Task brief: Using the data below, transcribe exactly everything from the line that contains "この活動では、文字を見て考え、言葉を組み立てる" down to the line that contains "[¹Ìµð¾îÀü³² Á¦°¥´ëÁ¾ ±âÀÚ]º¸¼º±º". Include both of those lines and none of the pictures.

Source information:
"""

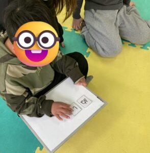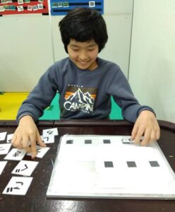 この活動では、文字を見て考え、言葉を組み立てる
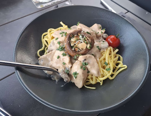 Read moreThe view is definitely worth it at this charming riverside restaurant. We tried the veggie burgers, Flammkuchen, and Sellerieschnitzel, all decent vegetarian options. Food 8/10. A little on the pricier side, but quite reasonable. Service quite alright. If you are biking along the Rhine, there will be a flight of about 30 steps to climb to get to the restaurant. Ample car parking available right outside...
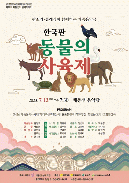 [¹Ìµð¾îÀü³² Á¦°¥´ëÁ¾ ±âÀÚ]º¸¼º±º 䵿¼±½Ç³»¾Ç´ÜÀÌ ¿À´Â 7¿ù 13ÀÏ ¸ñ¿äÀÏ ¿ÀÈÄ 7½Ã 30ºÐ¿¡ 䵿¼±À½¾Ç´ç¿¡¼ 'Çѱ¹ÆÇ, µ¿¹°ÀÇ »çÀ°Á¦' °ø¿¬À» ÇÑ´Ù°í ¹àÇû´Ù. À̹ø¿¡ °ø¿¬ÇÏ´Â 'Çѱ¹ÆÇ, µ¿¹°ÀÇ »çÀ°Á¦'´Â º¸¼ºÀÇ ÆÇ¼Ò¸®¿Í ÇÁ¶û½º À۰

"""
"""

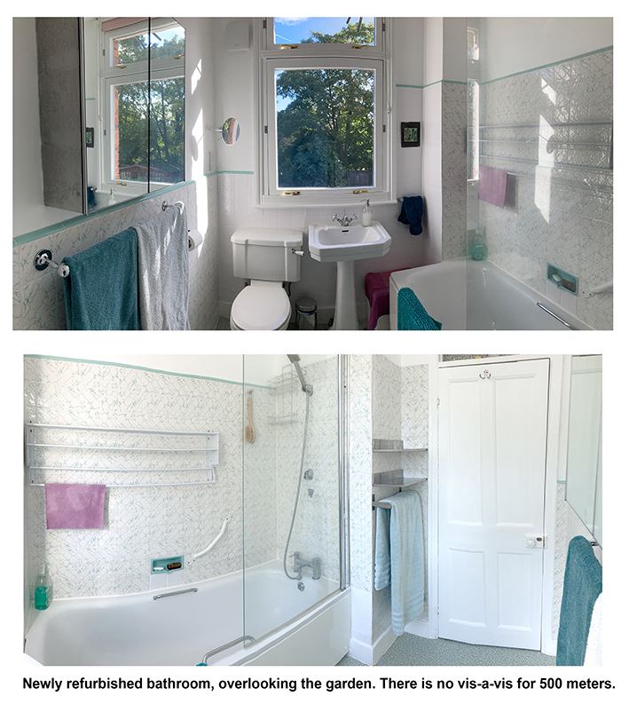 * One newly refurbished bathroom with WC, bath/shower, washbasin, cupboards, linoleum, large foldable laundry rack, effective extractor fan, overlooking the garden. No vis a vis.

"""
"""

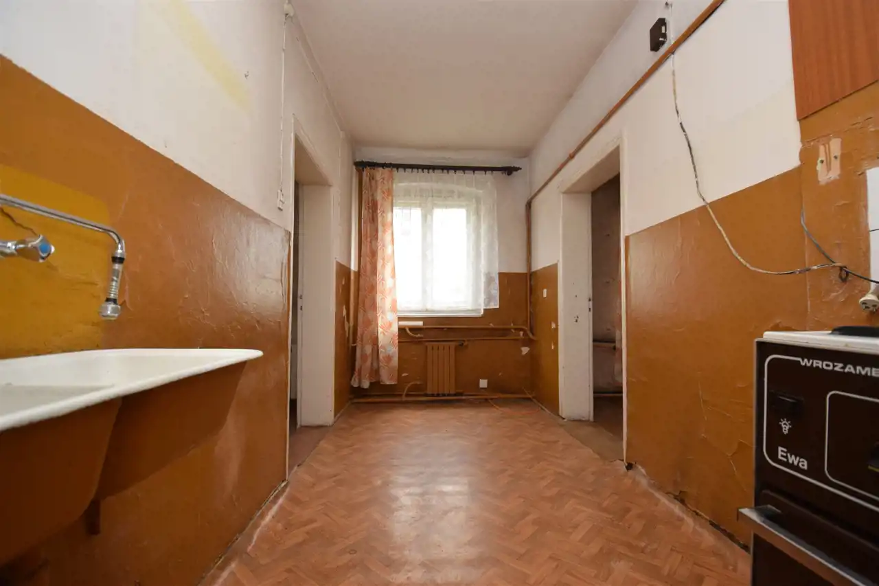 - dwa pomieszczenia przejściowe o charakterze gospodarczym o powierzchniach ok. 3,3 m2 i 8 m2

"""

Task result:
 この活動では、文字を見て考え、言葉を組み立てる
 Read moreThe view is definitely worth it at this charming riverside restaurant. We tried the veggie burgers, Flammkuchen, and Sellerieschnitzel, all decent vegetarian options. Food 8/10. A little on the pricier side, but quite reasonable. Service quite alright. If you are biking along the Rhine, there will be a flight of about 30 steps to climb to get to the restaurant. Ample car parking available right outside...
 [¹Ìµð¾îÀü³² Á¦°¥´ëÁ¾ ±âÀÚ]º¸¼º±º 䵿¼±½Ç³»¾Ç´ÜÀÌ ¿À´Â 7¿ù 13ÀÏ ¸ñ¿äÀÏ ¿ÀÈÄ 7½Ã 30ºÐ¿¡ 䵿¼±À½¾Ç´ç¿¡¼ 'Çѱ¹ÆÇ, µ¿¹°ÀÇ »çÀ°Á¦' °ø¿¬À» ÇÑ´Ù°í ¹àÇû´Ù. À̹ø¿¡ °ø¿¬ÇÏ´Â 'Çѱ¹ÆÇ, µ¿¹°ÀÇ »çÀ°Á¦'´Â º¸¼ºÀÇ ÆÇ¼Ò¸®¿Í ÇÁ¶û½º À۰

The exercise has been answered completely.